## Data for processing
+ + +

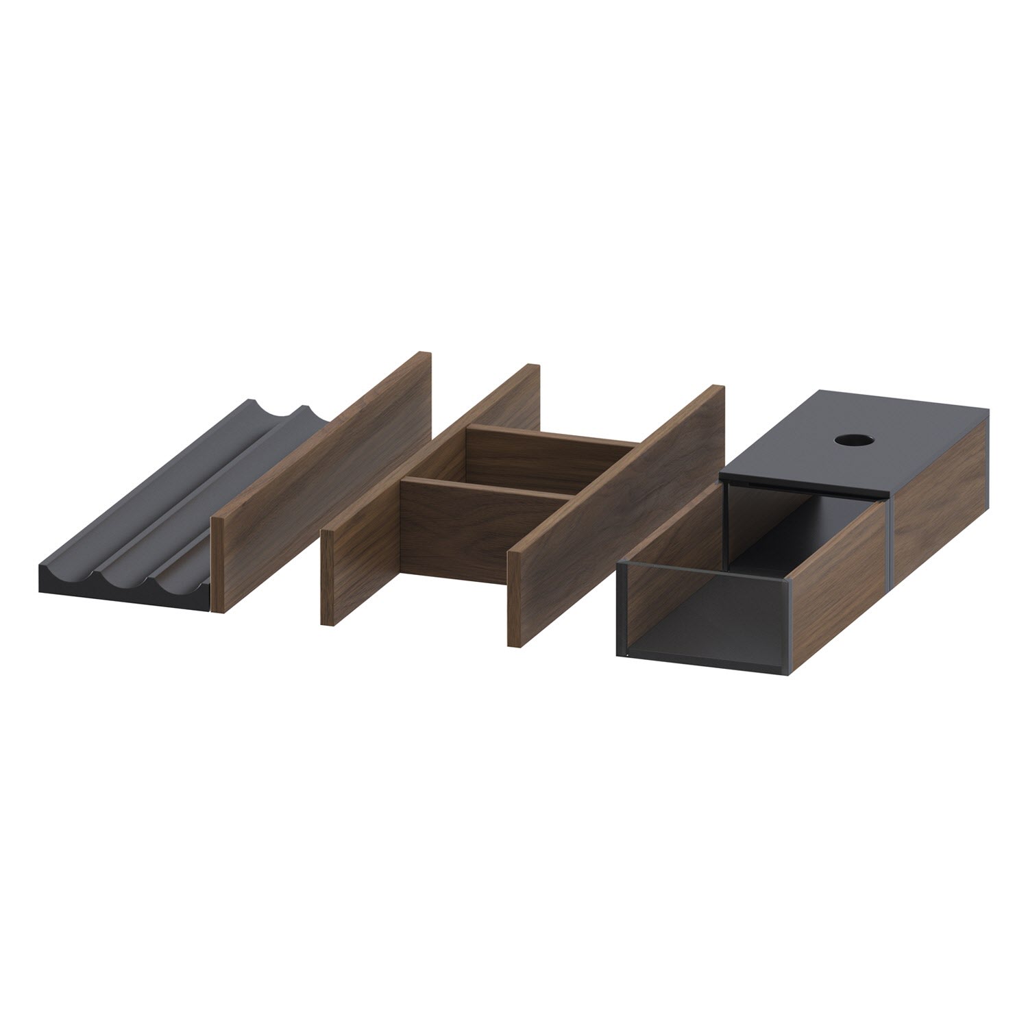 In Abhängigkeit der Schubkasten- oder Auszugsbreite beinhalten die Einrichtungssysteme verschiedene Elemente wie Aufbewahrungsboxen inkl. Deckel, Ablagewellen in klein für Kosmetikartikel oder groß für runde, liegende Behälter sowie Holzgitter mit verschiedenen Aufteilungen um bspw. Lotionen fixieren zu können.
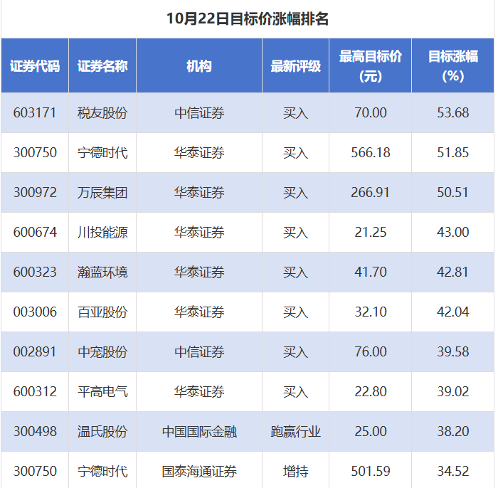 南财投研通数据显示,10月22日,券商给予上市公司目标价共45次,按最新收盘价计算,目标价涨幅排名居前的公司有税友股份、宁德时代、万辰集团,目标价涨幅分别为53.68%、51.85%、50.51%,分别属于IT服务、电池、休闲食品行业。
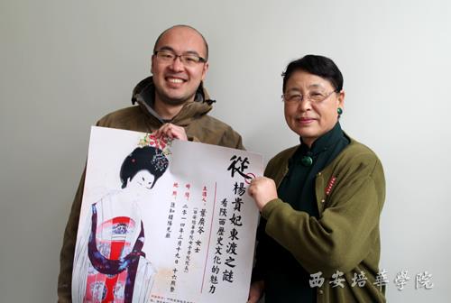 ⑥叶广芩院长与荣光老师在一起,并感谢为“从杨贵妃东渡之谜看陕西历史文化的魅力”报告会设计海报。
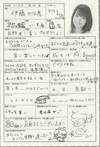 粉絲們一定就比較少接觸到了吧,剛好最近二期的日本動漫雜誌Anime Media附贈了二本小冊子,一本是100位女性聲優的基本資料、一本是男性版的,所以說趁這個機會,可以跟粉絲們介紹一下幾個有可愛簽名的聲優囉。
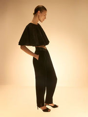 4. Комфортный крой: брюки свободны в бедрах и слегка заужены книзу. Плотный пояс-кушак из дикого шелка создает акцент на талии
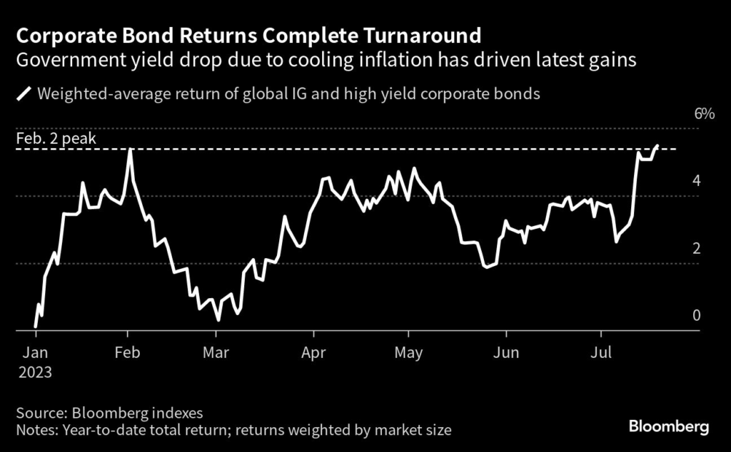 Global corporate bond returns just hit their highest level this year on bets that the inflation crisis is coming to an end. Some investors say this may be as good as it gets, with dangers lurking in credit markets for the second half.
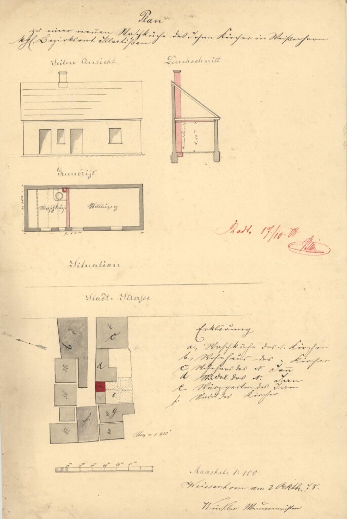 1878 stellte Johann Kircher einen Bauantrag, statt des Pferdestalls nun hier eine eingeschossige Waschküche zu bauen. Dieses Vorhaben wurde aber nicht realisiert.
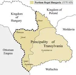 W 1570 r. Jan II Zygmunt Zápolya, syn Jana Zapolyi, porzucił pretensje do tronu węgierskiego na rzecz Maksymiliana II, który tytułował się królem Węgier już od 1563 r. Jan Zygmunt został wtedy pierwszym księciem Siedmiogrodu, z tytułem: „Joannes, serenissimi olim Joannis regis Hungariae, Dalmatiae, Croatiae etc. filius, Dei gratia princeps Transsylvaniae ac partium regni Hungariae”, od którego pochodzi nazwa „Partium” (część Królestwa Węgier).
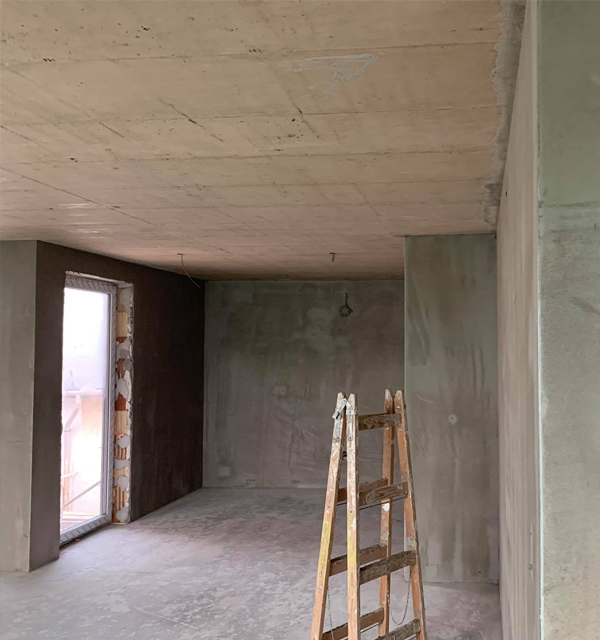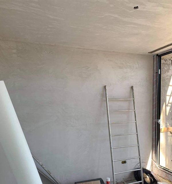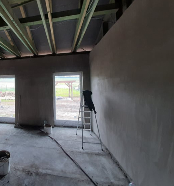 Glettelés két rétegben, csiszolással + festés két rétegben fehér színben
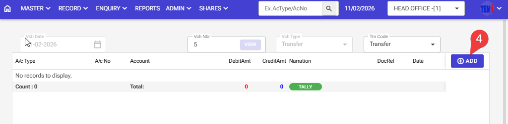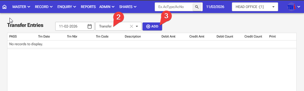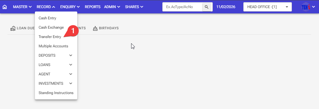 Step 1: Record > Transfer Entry
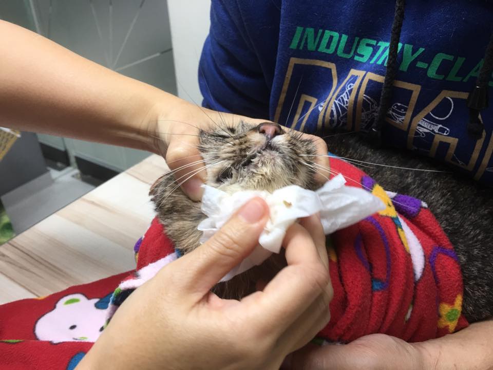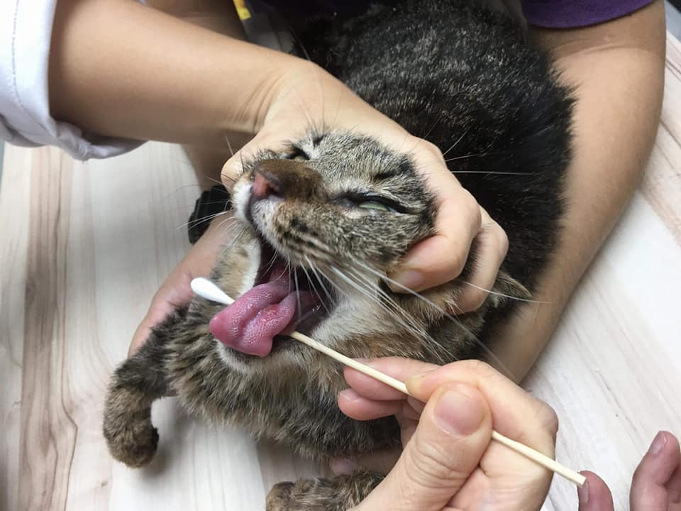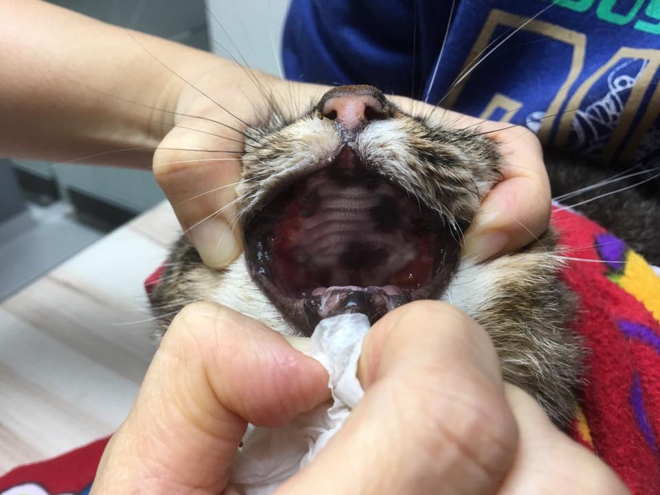 安置照護後盈盈的肝指數及貧血狀況逐漸改善,但口炎狀況經過持續治療後仍未見太大進步,甚至有舌炎的狀況,由於舌潰爛
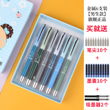 ヒーロー(HERO)万年筆学生用文具アニメ莫蘭迪色系金属棒イリジウム金万年筆(インクパック付*10+インク吸入器*2+ペン先*10)男性用ダークチップ6本入り
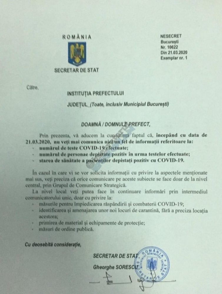 Apelul vine în condițiile în care Institutul de Sănătate Publică a eliminat harta cazurilor de infecție cu coronavirus pe județe iar MAI a interzis prefecților să ofere informații despre numărul de cazuri depistate, numărul de teste efectuate și starea de sănătate a pacienților.
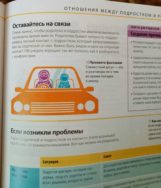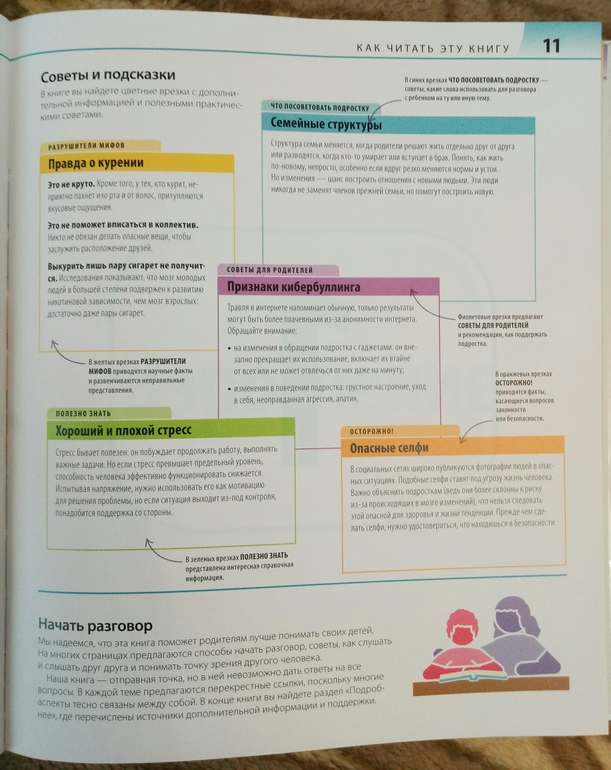 Что меня подкупило еще с анонса, что книга современная, в ней рассказывается именно о тех вопросах и проблемах, которые волнуют современных подростков! А когда я взяла ее в руки, меня просто поразило и очень порадовало само издание книги! Да, книги позиционируется именно для родителей, и чертовски приятно, что для меня, тети 30 +, и таких же как я взрослых мам и пап, книга издана так красиво, так ярко, так нескучно!

+ + +

## Work to complete
Print the material verbatim; drop the pictures.

## Answer
 In Abhängigkeit der Schubkasten- oder Auszugsbreite beinhalten die Einrichtungssysteme verschiedene Elemente wie Aufbewahrungsboxen inkl. Deckel, Ablagewellen in klein für Kosmetikartikel oder groß für runde, liegende Behälter sowie Holzgitter mit verschiedenen Aufteilungen um bspw. Lotionen fixieren zu können.
 南财投研通数据显示,10月22日,券商给予上市公司目标价共45次,按最新收盘价计算,目标价涨幅排名居前的公司有税友股份、宁德时代、万辰集团,目标价涨幅分别为53.68%、51.85%、50.51%,分别属于IT服务、电池、休闲食品行业。
 ⑥叶广芩院长与荣光老师在一起,并感谢为“从杨贵妃东渡之谜看陕西历史文化的魅力”报告会设计海报。
 粉絲們一定就比較少接觸到了吧,剛好最近二期的日本動漫雜誌Anime Media附贈了二本小冊子,一本是100位女性聲優的基本資料、一本是男性版的,所以說趁這個機會,可以跟粉絲們介紹一下幾個有可愛簽名的聲優囉。
 4. Комфортный крой: брюки свободны в бедрах и слегка заужены книзу. Плотный пояс-кушак из дикого шелка создает акцент на талии
 Global corporate bond returns just hit their highest level this year on bets that the inflation crisis is coming to an end. Some investors say this may be as good as it gets, with dangers lurking in credit markets for the second half.
 1878 stellte Johann Kircher einen Bauantrag, statt des Pferdestalls nun hier eine eingeschossige Waschküche zu bauen. Dieses Vorhaben wurde aber nicht realisiert.
 W 1570 r. Jan II Zygmunt Zápolya, syn Jana Zapolyi, porzucił pretensje do tronu węgierskiego na rzecz Maksymiliana II, który tytułował się królem Węgier już od 1563 r. Jan Zygmunt został wtedy pierwszym księciem Siedmiogrodu, z tytułem: „Joannes, serenissimi olim Joannis regis Hungariae, Dalmatiae, Croatiae etc. filius, Dei gratia princeps Transsylvaniae ac partium regni Hungariae”, od którego pochodzi nazwa „Partium” (część Królestwa Węgier).
 Glettelés két rétegben, csiszolással + festés két rétegben fehér színben
 Step 1: Record > Transfer Entry
 安置照護後盈盈的肝指數及貧血狀況逐漸改善,但口炎狀況經過持續治療後仍未見太大進步,甚至有舌炎的狀況,由於舌潰爛
 ヒーロー(HERO)万年筆学生用文具アニメ莫蘭迪色系金属棒イリジウム金万年筆(インクパック付*10+インク吸入器*2+ペン先*10)男性用ダークチップ6本入り
 Apelul vine în condițiile în care Institutul de Sănătate Publică a eliminat harta cazurilor de infecție cu coronavirus pe județe iar MAI a interzis prefecților să ofere informații despre numărul de cazuri depistate, numărul de teste efectuate și starea de sănătate a pacienților.
 Что меня подкупило еще с анонса, что книга современная, в ней рассказывается именно о тех вопросах и проблемах, которые волнуют современных подростков! А когда я взяла ее в руки, меня просто поразило и очень порадовало само издание книги! Да, книги позиционируется именно для родителей, и чертовски приятно, что для меня, тети 30 +, и таких же как я взрослых мам и пап, книга издана так красиво, так ярко, так нескучно!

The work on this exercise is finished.